--- Information provided Enclosed Below ---

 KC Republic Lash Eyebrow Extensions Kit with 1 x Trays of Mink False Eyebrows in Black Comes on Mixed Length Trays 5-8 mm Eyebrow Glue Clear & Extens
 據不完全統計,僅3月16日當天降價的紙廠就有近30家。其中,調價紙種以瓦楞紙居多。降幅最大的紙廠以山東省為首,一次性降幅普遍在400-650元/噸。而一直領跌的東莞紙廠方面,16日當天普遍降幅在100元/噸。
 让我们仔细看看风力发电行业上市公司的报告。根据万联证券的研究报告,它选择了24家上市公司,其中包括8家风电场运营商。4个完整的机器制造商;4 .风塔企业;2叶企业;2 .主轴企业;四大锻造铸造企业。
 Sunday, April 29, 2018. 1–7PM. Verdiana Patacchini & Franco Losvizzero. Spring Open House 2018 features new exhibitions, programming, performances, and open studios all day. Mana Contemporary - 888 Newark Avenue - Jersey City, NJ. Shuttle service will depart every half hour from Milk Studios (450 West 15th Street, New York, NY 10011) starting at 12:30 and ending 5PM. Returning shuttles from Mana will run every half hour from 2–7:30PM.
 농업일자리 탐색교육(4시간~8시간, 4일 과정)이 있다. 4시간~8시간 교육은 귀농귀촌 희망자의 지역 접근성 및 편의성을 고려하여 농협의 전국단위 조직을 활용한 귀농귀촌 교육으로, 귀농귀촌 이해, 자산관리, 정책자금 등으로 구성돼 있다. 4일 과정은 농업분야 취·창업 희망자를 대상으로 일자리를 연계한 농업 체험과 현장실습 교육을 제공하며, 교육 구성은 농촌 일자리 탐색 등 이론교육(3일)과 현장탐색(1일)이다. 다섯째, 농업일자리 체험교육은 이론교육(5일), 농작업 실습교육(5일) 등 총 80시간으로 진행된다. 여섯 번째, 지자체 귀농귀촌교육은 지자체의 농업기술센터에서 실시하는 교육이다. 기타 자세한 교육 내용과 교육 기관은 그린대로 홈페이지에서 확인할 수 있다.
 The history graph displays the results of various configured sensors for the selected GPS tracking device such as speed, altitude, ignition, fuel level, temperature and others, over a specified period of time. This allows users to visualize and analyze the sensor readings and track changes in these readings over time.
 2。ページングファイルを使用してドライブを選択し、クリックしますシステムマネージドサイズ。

--- End of Enclosed Information provided ---
--- Information provided Enclosed Below ---

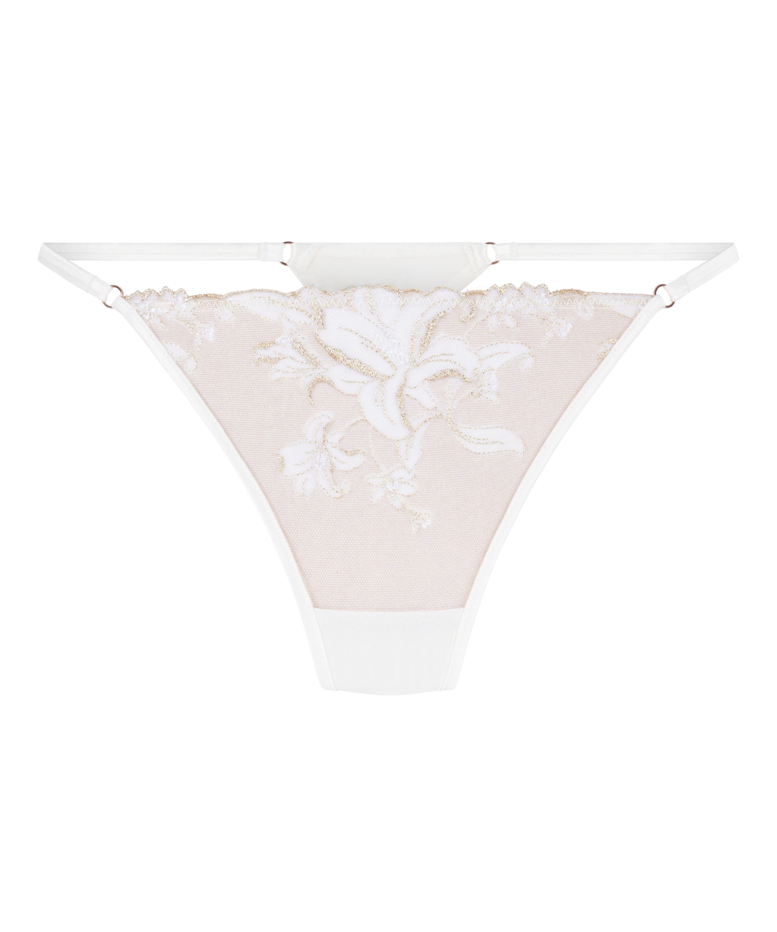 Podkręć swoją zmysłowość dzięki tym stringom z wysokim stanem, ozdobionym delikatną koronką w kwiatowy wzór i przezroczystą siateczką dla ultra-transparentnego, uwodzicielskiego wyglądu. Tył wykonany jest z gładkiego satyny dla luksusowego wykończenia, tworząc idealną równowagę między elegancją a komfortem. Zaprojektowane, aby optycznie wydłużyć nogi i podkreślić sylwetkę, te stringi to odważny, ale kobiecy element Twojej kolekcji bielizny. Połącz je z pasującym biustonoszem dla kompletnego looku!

--- End of Enclosed Information provided ---

* **Exercise details**:
Set down, unchanged, only those lines above that fall between the line with "농업일자리 탐색교육(4시간~8시간, 4일" and the line with "2。ページングファイルを使用", the two end lines included.

* **Task answer**:
 농업일자리 탐색교육(4시간~8시간, 4일 과정)이 있다. 4시간~8시간 교육은 귀농귀촌 희망자의 지역 접근성 및 편의성을 고려하여 농협의 전국단위 조직을 활용한 귀농귀촌 교육으로, 귀농귀촌 이해, 자산관리, 정책자금 등으로 구성돼 있다. 4일 과정은 농업분야 취·창업 희망자를 대상으로 일자리를 연계한 농업 체험과 현장실습 교육을 제공하며, 교육 구성은 농촌 일자리 탐색 등 이론교육(3일)과 현장탐색(1일)이다. 다섯째, 농업일자리 체험교육은 이론교육(5일), 농작업 실습교육(5일) 등 총 80시간으로 진행된다. 여섯 번째, 지자체 귀농귀촌교육은 지자체의 농업기술센터에서 실시하는 교육이다. 기타 자세한 교육 내용과 교육 기관은 그린대로 홈페이지에서 확인할 수 있다.
 The history graph displays the results of various configured sensors for the selected GPS tracking device such as speed, altitude, ignition, fuel level, temperature and others, over a specified period of time. This allows users to visualize and analyze the sensor readings and track changes in these readings over time.
 2。ページングファイルを使用してドライブを選択し、クリックしますシステムマネージドサイズ。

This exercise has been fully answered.